**Provided data:**
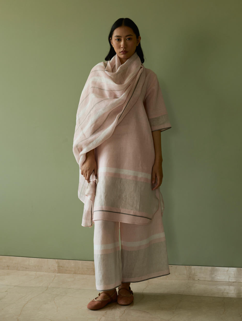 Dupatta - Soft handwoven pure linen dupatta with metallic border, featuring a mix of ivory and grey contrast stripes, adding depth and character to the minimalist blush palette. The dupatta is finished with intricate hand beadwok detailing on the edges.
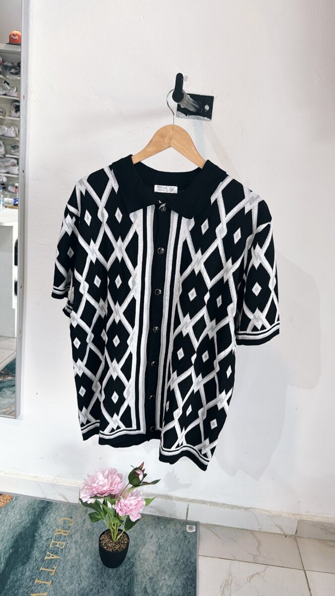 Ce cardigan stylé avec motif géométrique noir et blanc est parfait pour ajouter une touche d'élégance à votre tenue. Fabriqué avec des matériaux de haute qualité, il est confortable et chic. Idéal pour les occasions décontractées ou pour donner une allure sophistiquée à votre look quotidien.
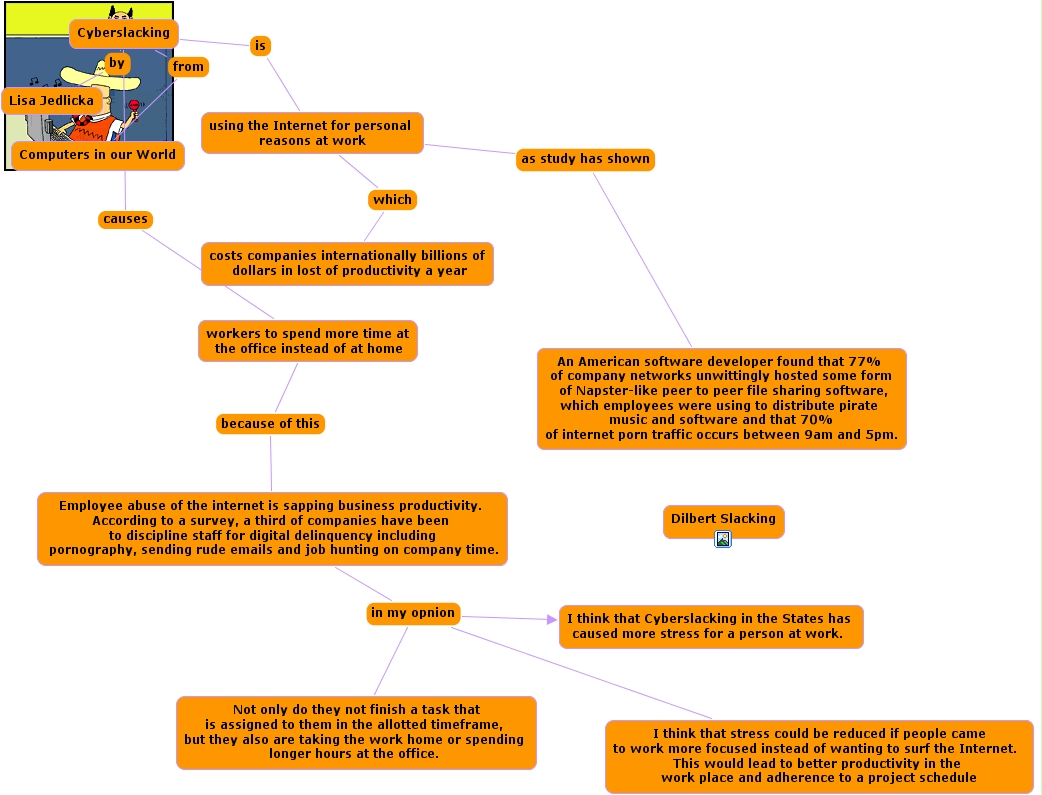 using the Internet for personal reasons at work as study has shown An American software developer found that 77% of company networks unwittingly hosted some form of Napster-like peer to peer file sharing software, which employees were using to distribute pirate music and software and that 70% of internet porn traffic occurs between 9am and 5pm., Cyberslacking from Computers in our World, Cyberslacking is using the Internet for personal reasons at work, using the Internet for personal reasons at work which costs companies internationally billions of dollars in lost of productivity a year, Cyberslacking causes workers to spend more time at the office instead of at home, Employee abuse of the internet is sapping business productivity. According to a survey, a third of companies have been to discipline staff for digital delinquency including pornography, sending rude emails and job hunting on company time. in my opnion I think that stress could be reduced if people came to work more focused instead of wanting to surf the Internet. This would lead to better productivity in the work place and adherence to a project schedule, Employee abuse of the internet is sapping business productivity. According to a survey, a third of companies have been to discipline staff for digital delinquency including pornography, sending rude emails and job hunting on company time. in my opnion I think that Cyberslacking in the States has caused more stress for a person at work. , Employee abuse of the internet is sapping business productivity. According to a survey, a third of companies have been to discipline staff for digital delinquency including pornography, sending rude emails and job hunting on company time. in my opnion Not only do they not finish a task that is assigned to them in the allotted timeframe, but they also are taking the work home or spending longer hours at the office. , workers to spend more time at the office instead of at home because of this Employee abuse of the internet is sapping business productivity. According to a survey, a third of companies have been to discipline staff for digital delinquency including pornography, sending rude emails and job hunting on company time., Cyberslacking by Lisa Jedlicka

**Problem details:** No pictures belong in the copy. Repeat the listing above exactly.

**Response:**
 Dupatta - Soft handwoven pure linen dupatta with metallic border, featuring a mix of ivory and grey contrast stripes, adding depth and character to the minimalist blush palette. The dupatta is finished with intricate hand beadwok detailing on the edges.
 Ce cardigan stylé avec motif géométrique noir et blanc est parfait pour ajouter une touche d'élégance à votre tenue. Fabriqué avec des matériaux de haute qualité, il est confortable et chic. Idéal pour les occasions décontractées ou pour donner une allure sophistiquée à votre look quotidien.
 using the Internet for personal reasons at work as study has shown An American software developer found that 77% of company networks unwittingly hosted some form of Napster-like peer to peer file sharing software, which employees were using to distribute pirate music and software and that 70% of internet porn traffic occurs between 9am and 5pm., Cyberslacking from Computers in our World, Cyberslacking is using the Internet for personal reasons at work, using the Internet for personal reasons at work which costs companies internationally billions of dollars in lost of productivity a year, Cyberslacking causes workers to spend more time at the office instead of at home, Employee abuse of the internet is sapping business productivity. According to a survey, a third of companies have been to discipline staff for digital delinquency including pornography, sending rude emails and job hunting on company time. in my opnion I think that stress could be reduced if people came to work more focused instead of wanting to surf the Internet. This would lead to better productivity in the work place and adherence to a project schedule, Employee abuse of the internet is sapping business productivity. According to a survey, a third of companies have been to discipline staff for digital delinquency including pornography, sending rude emails and job hunting on company time. in my opnion I think that Cyberslacking in the States has caused more stress for a person at work. , Employee abuse of the internet is sapping business productivity. According to a survey, a third of companies have been to discipline staff for digital delinquency including pornography, sending rude emails and job hunting on company time. in my opnion Not only do they not finish a task that is assigned to them in the allotted timeframe, but they also are taking the work home or spending longer hours at the office. , workers to spend more time at the office instead of at home because of this Employee abuse of the internet is sapping business productivity. According to a survey, a third of companies have been to discipline staff for digital delinquency including pornography, sending rude emails and job hunting on company time., Cyberslacking by Lisa Jedlicka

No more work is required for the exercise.